Tag: PatternBook

  • Seeing the pattern in the strands

    In 2022 I founded the Regenerative Design Lab with the intention of helping to figure out what regenerative design might mean for the construction industry, and how we might shift theory into practice. 

    Over the past four years this has been a shared journey, one shaped by more than 70 participants we have had in the Lab programme, by my Lab co-facilitator Ellie Osborne and the hundreds of conversations we have had along the way. 

    At the start, we realised that was lots we didn’t know. Regenerative design felt like a like a tangled web of many different strands, including themes as diverse as: philosophy, technology, systems thinking, Indigenous wisdom, ecosystems, social justice, biomimicry and community organising. 

    Our first aim was to simply hold space for these conversations and create a framework for reflective exploration and application of these strands of thinking.

    At a similar time, James and I started writing a book. Our job was to take this emerging theory of regenerative design and present it to an audience of structural engineers in a way that was both inspirational and also routed in the realities of projects.

    I have to be honest, that at times, across all these initiatives, the weave of these conversations had been very confusing and I regularly tied myself in knots.

    But over time, patterns had begun to emerge. Certain ways of structuring the conversation worked better for some participants in the Lab than others. Some approaches led to more reflection and introspection, others led to people taking action. And there are clear patterns emerging in what helps to bring different audiences on a journey.

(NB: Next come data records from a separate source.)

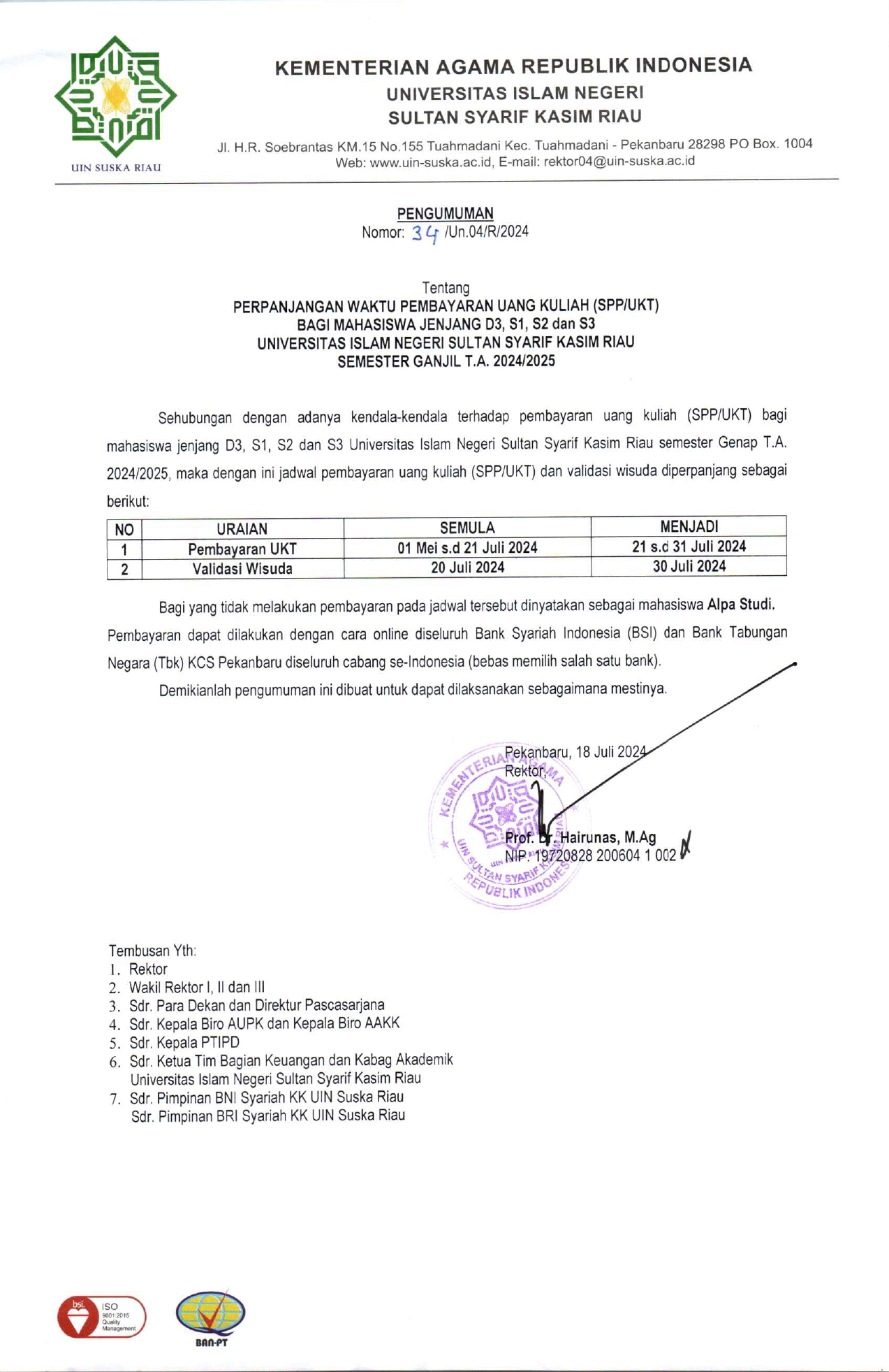 Perpanjangan Waktu Pembayaran Uang Kuliah Tunggal (UKT) Bagi Mahasiswa Jenjang D3, S1, S2, dan S3 Universitas Islam Negeri Sultan Syarif Kasim Riau Semester Ganjil TA 2024/2025.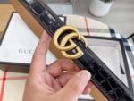 This GUCCI Double G black belt has a simple yet elegant design, highlighting the noble temperament of the brand. The belt is made of high-quality materials, soft and comfortable to the touch, and durable. The metal Double G buckle is the main component of this belt. The iconic design is unique and eye-catching, showing the brand’s exquisite craftsmanship and unique style.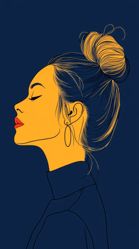 Feminine silhouette, showing woman with plenty of pizzazz, Line style, Minimalist style, Minimalist poster, Blue color, can be paired with yellow. --ar 9:16 --v 6.1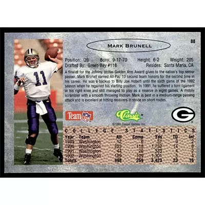 This is a 1993 Classic Mark Brunell football card. The card is #88 and pictures show condition.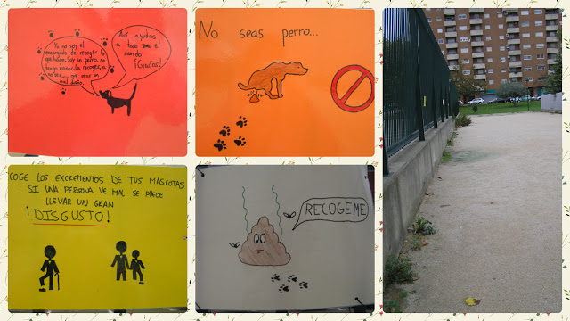 El pasado lunes,alumnos de 6ºB primaria, al comenzar el tema 3 de lengua con los carteles (como códigos lingüísticos) se les ocurrió (de forma voluntaria) preparar unos carteles para la valla que da al centro de jubilados. . .el terreno es un «campo de minas de excrementos caninos».

    James and I rewrote the Regenerative Structural Engineer three times before we found a way of sequencing our arguments that seemed to work. That the book has now been sold in over 26 countries – a sign that this pattern resonated. 

    In the two years since then, I’ve had many more conversations, both inside the Lab and out, and learnt more about the different ways to hold a conversation about regenerative design.

    One of the questions I get most often is usually a variation of: how do I talk about this with my clients/can you just give me the slides?

    But it’s not as simple as that. You have to take people on a journey. The journey depends on who you are and who they are. But if you can find a formula that works, you can create a pattern that you can repeat, from conversation to conversation, from projects to project, so that over time we can gradually shift our industry.

    This book is my attempt to guide people in finding their own patterns for exploring and talking about regenerative design. It is an attempt to stitch together what we’ve learnt from all this work and create repeatable patterns that can spin out into practice. 

  • Pattern Poem

    We see patterns. 

    We think in patterns. 

    We create patterns.

    A pattern is something that repeats. 

    A drum beat. 

    An oscillation.

    Patterns make things regular and therefore intelligible. 

    Patterns help us predict what will happen next. 

    Out of a sea of random events a pattern can feel like a life raft. 

    Or pieces from which we can assemble together to create a boat.

    The dictionary tells us the word comes from the Middle English ‘patron’ meaning something to be followed.

    What if the patterns we are following are no-longer serving us? 

    What if the drumbeat is no-longer leading us in the right direction. 

    What if the oscillations are going out of control?

    Then we need to learn to see new patterns. 

    We need to learn to think in new patterns. 

    And we need to create new patterns.

  • Announcement: the Pattern Book for Regenerative Design

    I’m pleased to be able to share that I am working on a new book, due to be published later this spring. 

    ‘The Pattern Book for Regenerative Design – a practice guide for engineers and other humans’

    The book is for change-makers in the built who want to transform our industry into a force for good: 

    • one that creates thriving communities and ecosystems through our work; 
    • an industry that is as conscious about where we make and where we take. 
    • an industry that knows that every time we build something, we have the opportunity to shift the system.

    This is a book for people who dream about the future but who have a job in the present. Who see the potential for the systems we design and inhabit to be much better, but see a very different reality in their projects. And for those who feel the gap between the future we need and the systems we have now is too wide to span. 

    In the Regenerative Structural Engineer, James Norman set out the case for Regenerative Design. It was the first book to set out a theory base for regenerative design in the context of structural engineering, and collects together dozens of examples of brilliant examples of this theory in action. 

    If you are new to regenerative design, I’d highly recommend you start there. And even if you are familiar with the theory from other sources, it’s worth taking a look at because it provides the foundations upon which we build in this guide.

    From theory to practice.

    You’ve read about regenerative design. You are excited about its goals; or you are at least curious to find out more about how it could work. This practice guide is to help you take the next step.

    Practice is the application of theory. It is the habitual way we work. It is the patterns we repeat whether we are: 

    • Supporting individual clients
    • Building a new portfolio of work
    • Transforming a business or an institution
    • Teaching regenerative design
    • Shaping policy in the built environment, or
    • Developing our personal regenerative practice.

    Our patterns of work are made up of tools, models, processes, and ways of communicating. We stitch all of these together to create a pattern of practice that best suits the project we are working on.

    This book is to help you stitch together patterns of practice that not only helps you deliver on your projects – but also embeds regenerative thinking in your work, so that each project stacks up to creating a thriving future.